Are scientists wholly responsible for anti-science sentiment? No. While scientists have engaged in some degree of self-sabotage, much of the responsibility for distrust falls on the public.
Choosing to ignore or forgo science means choosing to lose our commitment to each other. We go to a dentist or mechanic or teacher with the expectation that they’ll help us achieve greater ends. Trusting science has historically led us to improved standards of living and expanded democratic processes following progressive Enlightenments. Without that trust, our species regresses.
How we move forward, then, is especially relevant during this pandemic, when trust in science is directly correlated with concern for COVID-19 safety measures such as social distancing.
Consider the thrice-amended perspective of one expert and how that transformation was largely obscured. On March 6, Dr. William Schaffner, professor of preventive medicine, health policy, and infectious diseases at Vanderbilt University and an adviser to the Centers of Disease Control and Prevention, claimed that while masks worn by those infected offer a good barrier to prevent viral spread, masks aren’t particularly effective for protecting healthy wearers because they don’t fit perfectly. He argued that the public shouldn’t wear masks not only because they were in limited supply but also because “they really don’t do much work.” On April 3, his directive changed: masks offered a “modest” benefit to wearers. And by June 29, he said, “masks protect ourselves and everyone around us.”
The problem is not that Schaffner changed his stances; it’s that he did so with the same confident tone and no explanation or acknowledgment of past mistakes. In fact, that March 6 video has been made private by Vanderbilt Health, and I have not found a written acknowledgement or rationale. The same skepticism towards the War on Cancer can be applied here: due to the dissonant advice and lack of transparency of experts like Schaffner, many now point at such early no-mask guidelines as reasons not to wear a mask.
I understand that the World Health Organization and CDC downplayed mask-wearing benefits at least in part as a strategy to partition medical-grade personal protective equipment for hospitals, but that decision ultimately hurt the health sector by muddying the facts and, in hindsight, appearing condescending. Rather than be upfront and honest, they chose to withhold certain facts and were forced to make an about-face afterwards. A lack of transparency pitted institutions of science against the public, rather than bringing them into alliance.

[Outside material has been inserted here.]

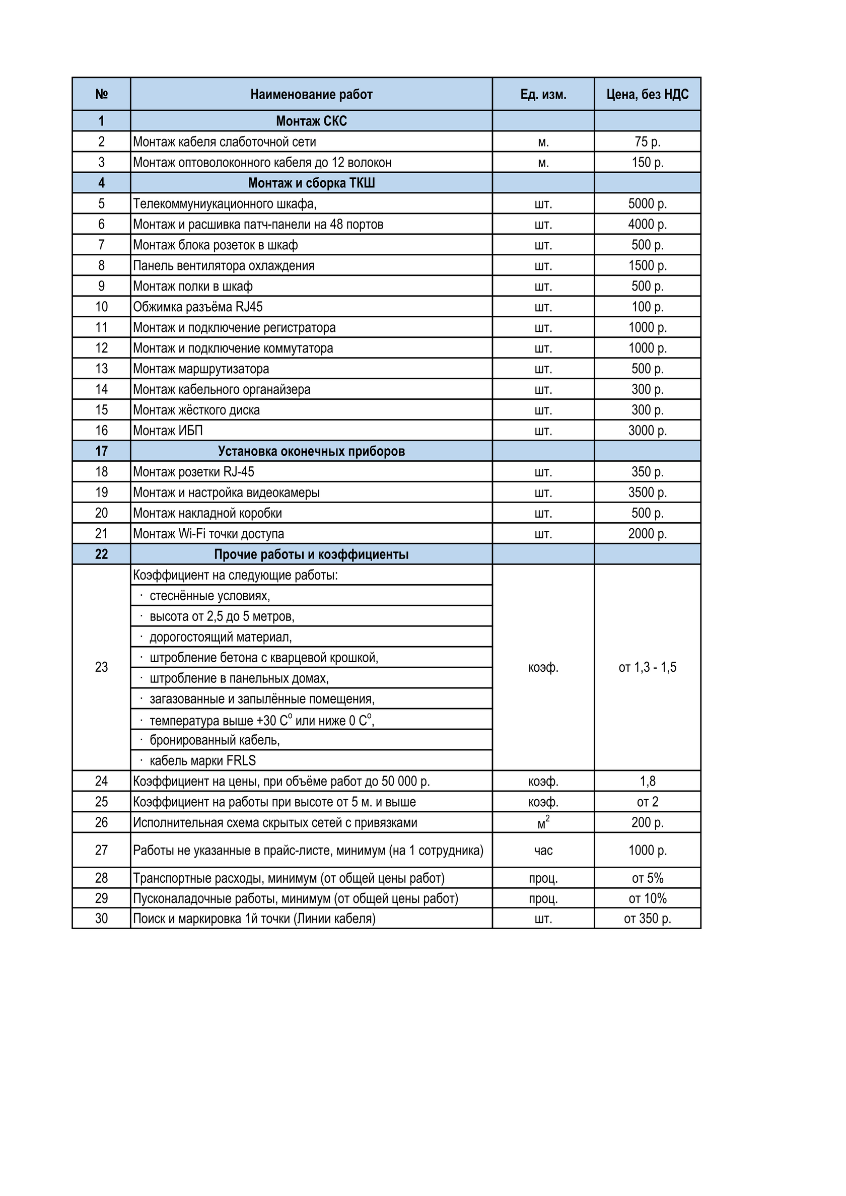 Гарантия дается на все виды работ, сроки гарантии монтажа зависят от паспортных данных самого изделия, например кабель марки КГ имеет гарантию всего 6 месяцев, но при правильной прокладке служит более 15 лет.

For scientists, especially those on TV like Dr. Schaffner, it’s time to court humility and acknowledge uncertainties. Communicate that uncertain truth to the general public — represent your data and suggestions transparently, even if they’re incomplete or confounding, and acknowledge the social and political stakes. It is vital to not only inform the public of what they should be doing but also the reason why they’re doing it and why that guidance might change over time.
And for the rest of us, we must continue respecting science: recognizing well-proven facts (the Earth, after all, is not flat) and guiding intents and principles, as well as following recommended guidelines. This also means voting out the people who don’t respect science, and keeping accountable those with the power to undermine its goals of progress.
Because without the two-way street of scientific facts and reasoning, society regresses. Yes, scientists owe the public the truth — and honesty, when they lack it. But we also owe scientists respect for that honest truth.
Julie Heng ‘24 lives in Kirkland House. Her column appears on alternate Thursdays.